From Birding-Aus

Yes, I am still around and living in Northern Norway, although now mainly only lurking on the bird lists and not contributing anymore. My hearing is deteriorating steadily, I am on a waiting list for cataract operations, and I no longer drive my car in winter here. Winter this year has been much ups and downs, and in the Christmas week we have snow, then sleet, then rain, then snow and hail again; and now we are sadly once more in the throes of a depression and the snow is morphing into rain again (to be followed by more snow day after tomorrow).

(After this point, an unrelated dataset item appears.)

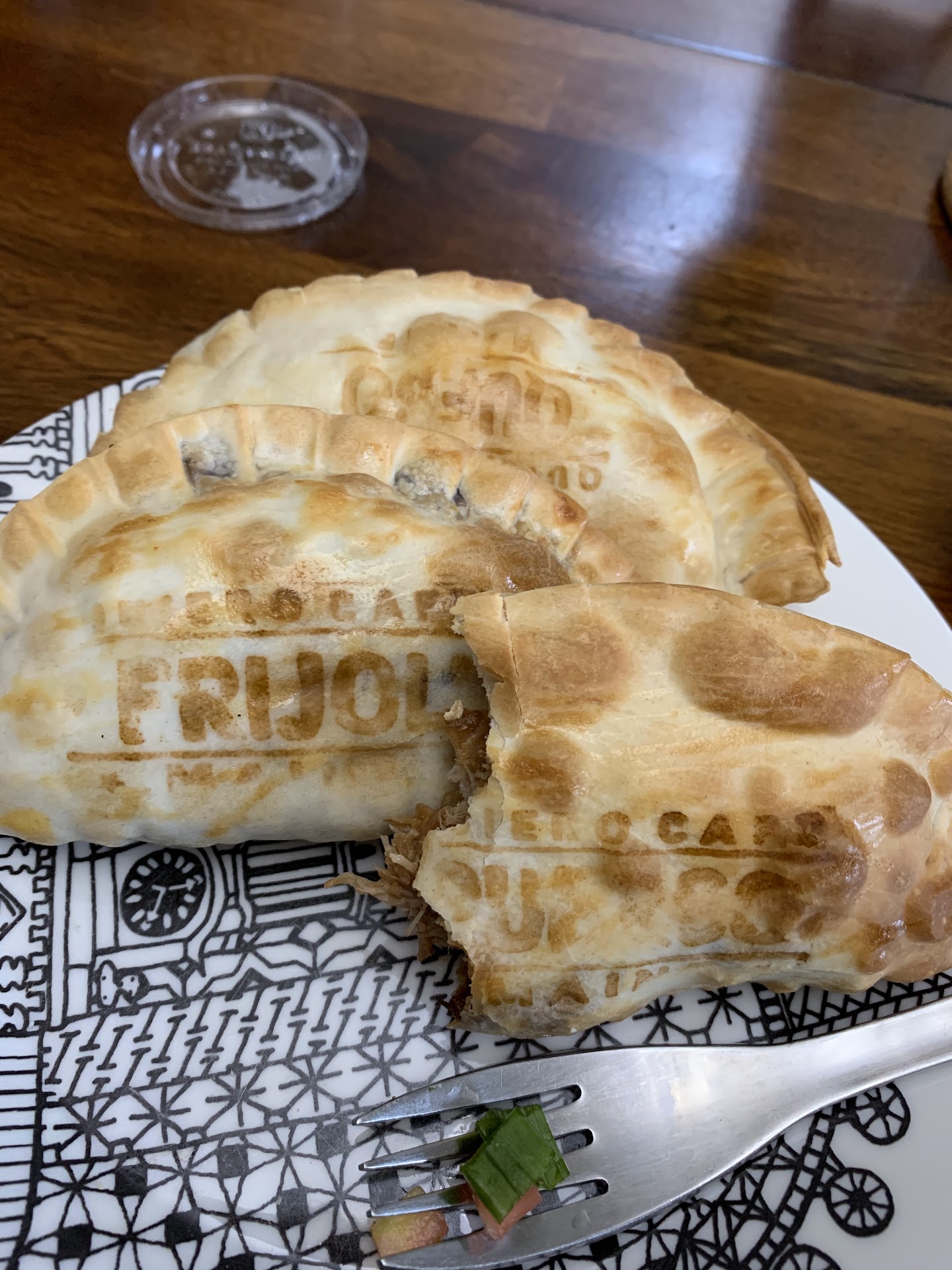 The frijol empanada was delicious! I'll definitely get that again. The other food was good but wasn’t amazing, but they may still be adjusting to business in the time of Covid. We’ll take that into account and eat here again. The pork in my Puerco empanada was dry, The pieces were large, which didn’t help the dryness, and the flavor was bland until I got to the strip of plantain after a couple bites from the edge. I had hoped for an appreciable amount of plantain, throughout, and found that towards the middle. The queso empanada was good, but it tasted a lot like mozzarella and didn’t have much texture, similar to a calzone without any sauce—too one-note. Don’t get me wrong, I love cheese anything, but I was expecting something more flavorful, similar to a queso dip with a bit of mild spice and maybe a couple different Latin American cheeses. A place nearby has the most decadent, flavorful, texturally interesting cheese arepas, and that’s what I‘d hoped for here. The empanadas were large, so I didn’t finish these two and didn’t try the frijol yet. I have a feeling that will be my favorite. Update: the frijol was my favorite. I loved it!

Also, we have very little daylight this time a year; it will be three weeks before we have a chance on the first glimpse of sunlight. And for some reason no birds at all come to my feeders this winter. So the race for first bird on my 2020 year list is as usual between the Magpie and the Hooded Crow. Although Riet saw a Hooded Crow fly over from the house earlier, my first bird this year was the Eurasian Magpie, followed soon after by a Hooded Crows, some feral Pigeons, and a small flock of House Sparrows, who have this winter discovered a garden with good cover, where there is regular feeding, a few houses down the road from mine.

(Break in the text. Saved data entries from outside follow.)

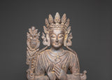 Maitreya Buddha is a bodhisattva, or enlightened being, regarded as the future Buddha in many Mahayana Buddhist traditions. According to Buddhist belief, Maitreya will appear on earth to end suffering and spread Buddhist teachings. Maitreya is often depicted sitting on a lotus base with a serene expression, symbolizing his compassion and wisdom. He is also sometimes depicted holding a vase, symbolizing his role as a teacher and dispenser of Buddhist teachings. Maitreya is considered a beloved and revered figure in the Buddhist tradition, inspiring devotion and respect among practitioners.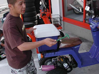 ケン坊さんのリアボックスからは次々と整備ツールが出てきます!プロ?いやいや本業は別にあるそうで…………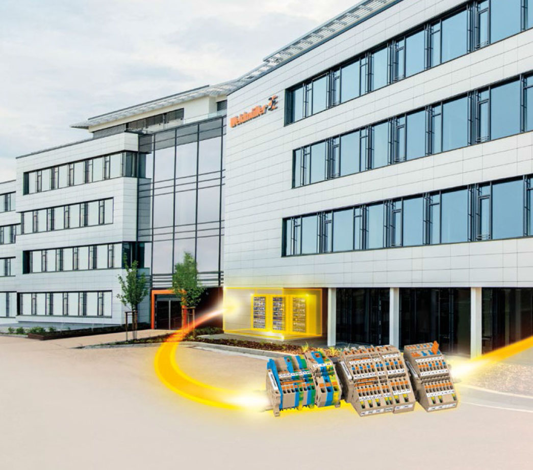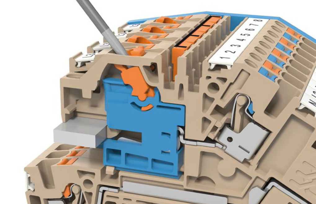 As réguas de bornes com convenientes sistemas de ligação PUSH IN são usadas para coletar e distribuir os potenciais, e assim, mesmo os condutores de fios trançados podem ser conetados, simplesmente ao pressionar o botão colorido.

We walked through a completely silent Folkeparken–not a tit to be heard–, to the shores of the Sandnes Sound, and there duly noted the usual winter suspects; Herring Gull, Great Black-backed Gull, and Common Eider, a large flock in the middle of the sound. And that was it for the day, the 7 most common winter birds here. If my feeder had been more attractive  we had also seen Greenfinch, Great Tit, the newcomer Blue Tit and maybe the Willow Tit, less dependent on feeders (they store food in autumn), but it was not to be.
I wish you all a wonderful 2020, full of birds, and full of life.